Of the lines in the material below, print only those from the one containing "La Residencia de" to the one containing "dogs like this.", ends included, exactly as written and without pictures.

*Material provided*:
☆ ☆ ☆ ☆
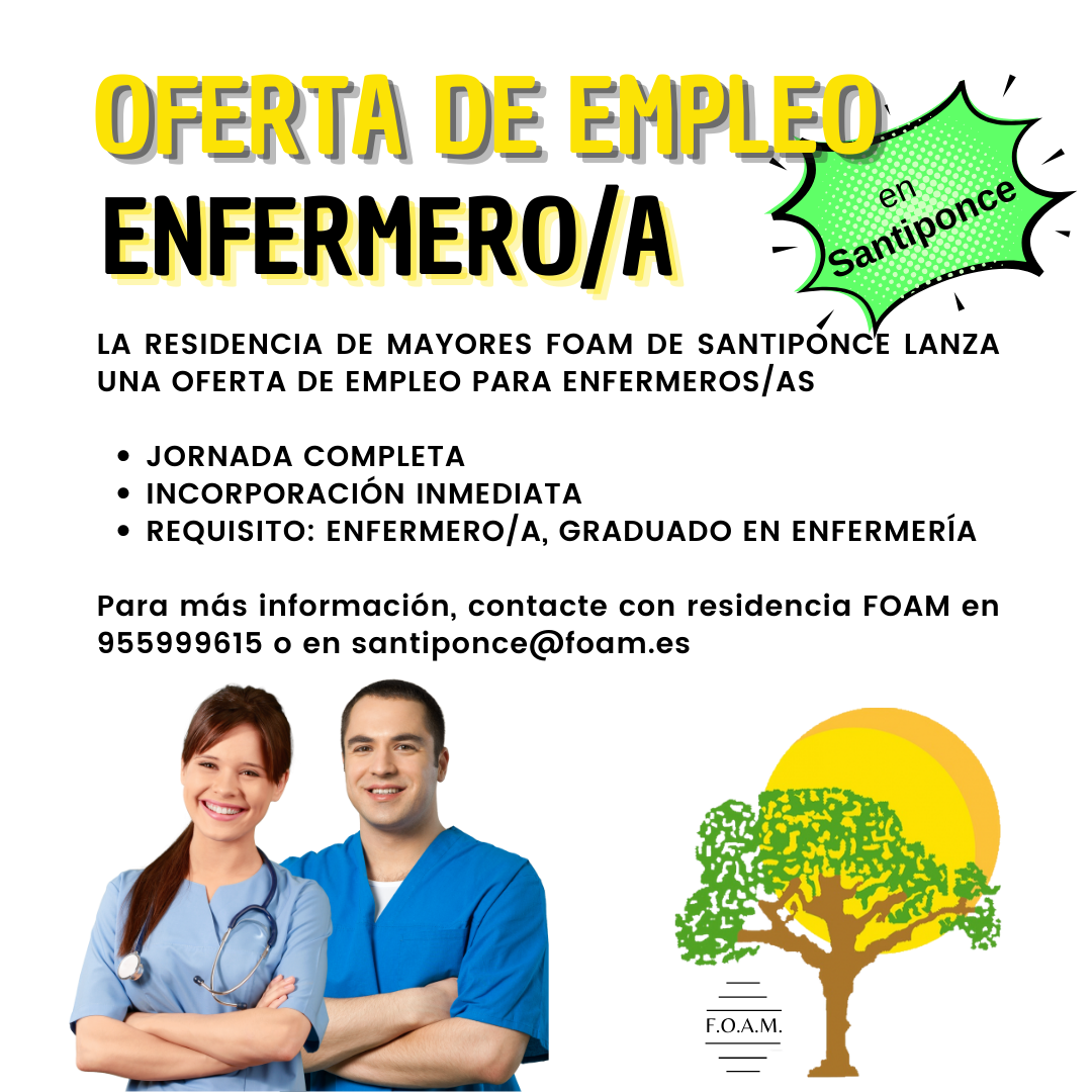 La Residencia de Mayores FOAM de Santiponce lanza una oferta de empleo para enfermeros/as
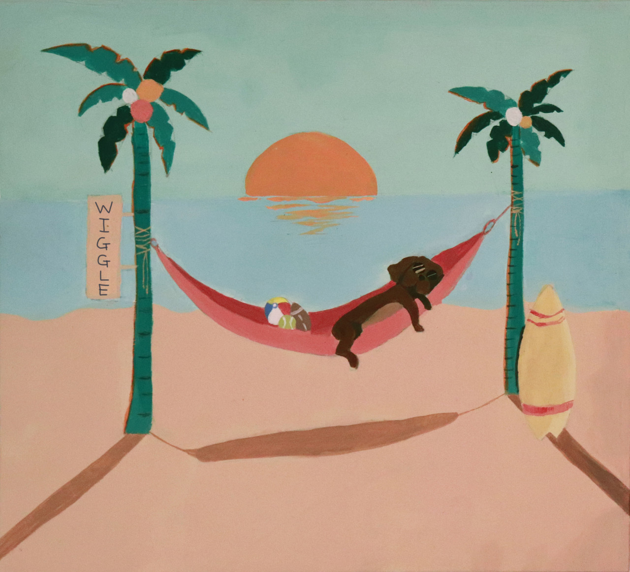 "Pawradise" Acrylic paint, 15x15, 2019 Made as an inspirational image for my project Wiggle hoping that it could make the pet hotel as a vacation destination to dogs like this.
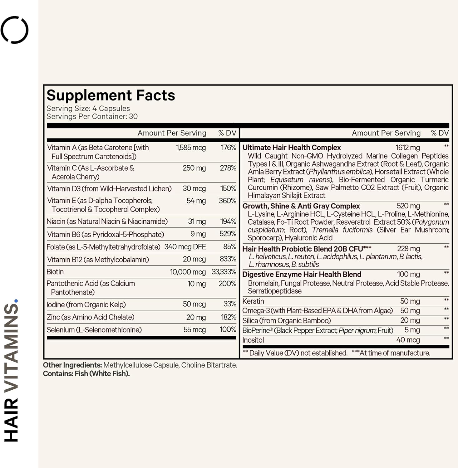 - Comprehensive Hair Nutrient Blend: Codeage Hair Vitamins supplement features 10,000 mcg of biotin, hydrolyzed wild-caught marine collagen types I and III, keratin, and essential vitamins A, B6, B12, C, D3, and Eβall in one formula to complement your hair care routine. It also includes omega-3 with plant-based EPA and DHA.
☆ ☆ ☆ ☆
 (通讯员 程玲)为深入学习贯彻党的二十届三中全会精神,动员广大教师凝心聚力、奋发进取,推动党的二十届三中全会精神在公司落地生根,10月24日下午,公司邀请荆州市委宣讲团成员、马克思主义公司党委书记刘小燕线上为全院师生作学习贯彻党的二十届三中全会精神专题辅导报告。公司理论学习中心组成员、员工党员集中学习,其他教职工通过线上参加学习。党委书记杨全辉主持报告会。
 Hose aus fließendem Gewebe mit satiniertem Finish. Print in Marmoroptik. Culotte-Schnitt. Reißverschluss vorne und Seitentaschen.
☆ ☆ ☆ ☆
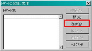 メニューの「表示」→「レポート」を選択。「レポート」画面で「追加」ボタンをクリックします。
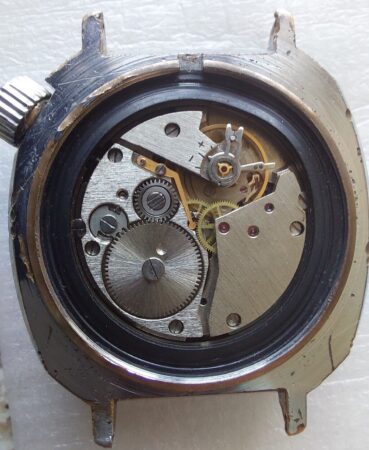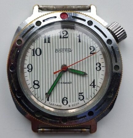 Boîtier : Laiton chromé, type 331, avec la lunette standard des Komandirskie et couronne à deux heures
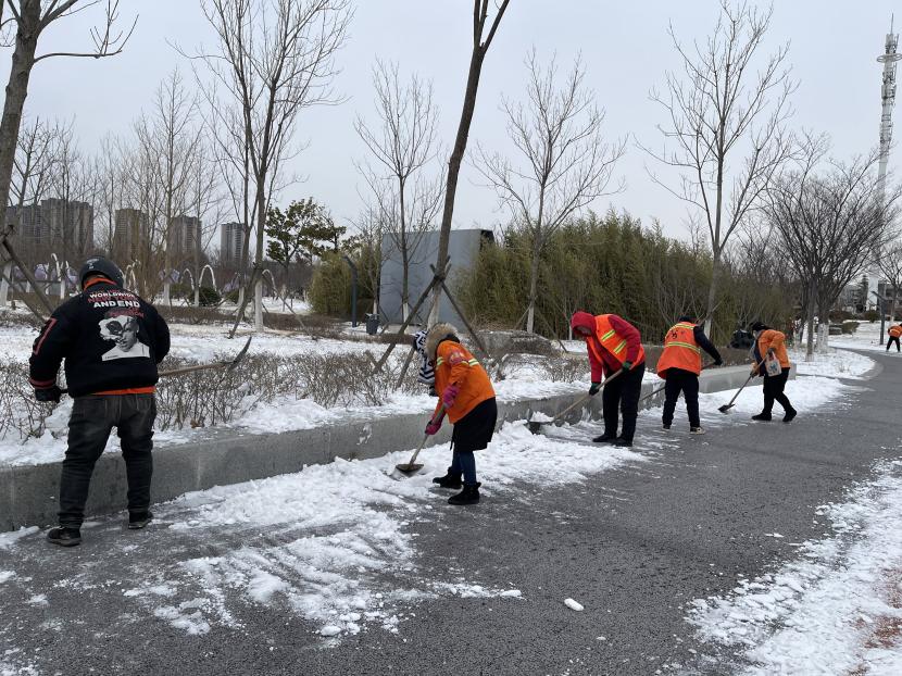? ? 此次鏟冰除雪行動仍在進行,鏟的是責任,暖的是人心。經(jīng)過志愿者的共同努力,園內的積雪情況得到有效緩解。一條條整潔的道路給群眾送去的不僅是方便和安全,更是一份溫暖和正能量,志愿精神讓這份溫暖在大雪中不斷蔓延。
☆ ☆ ☆ ☆
*Task answer*:
 La Residencia de Mayores FOAM de Santiponce lanza una oferta de empleo para enfermeros/as
 "Pawradise" Acrylic paint, 15x15, 2019 Made as an inspirational image for my project Wiggle hoping that it could make the pet hotel as a vacation destination to dogs like this.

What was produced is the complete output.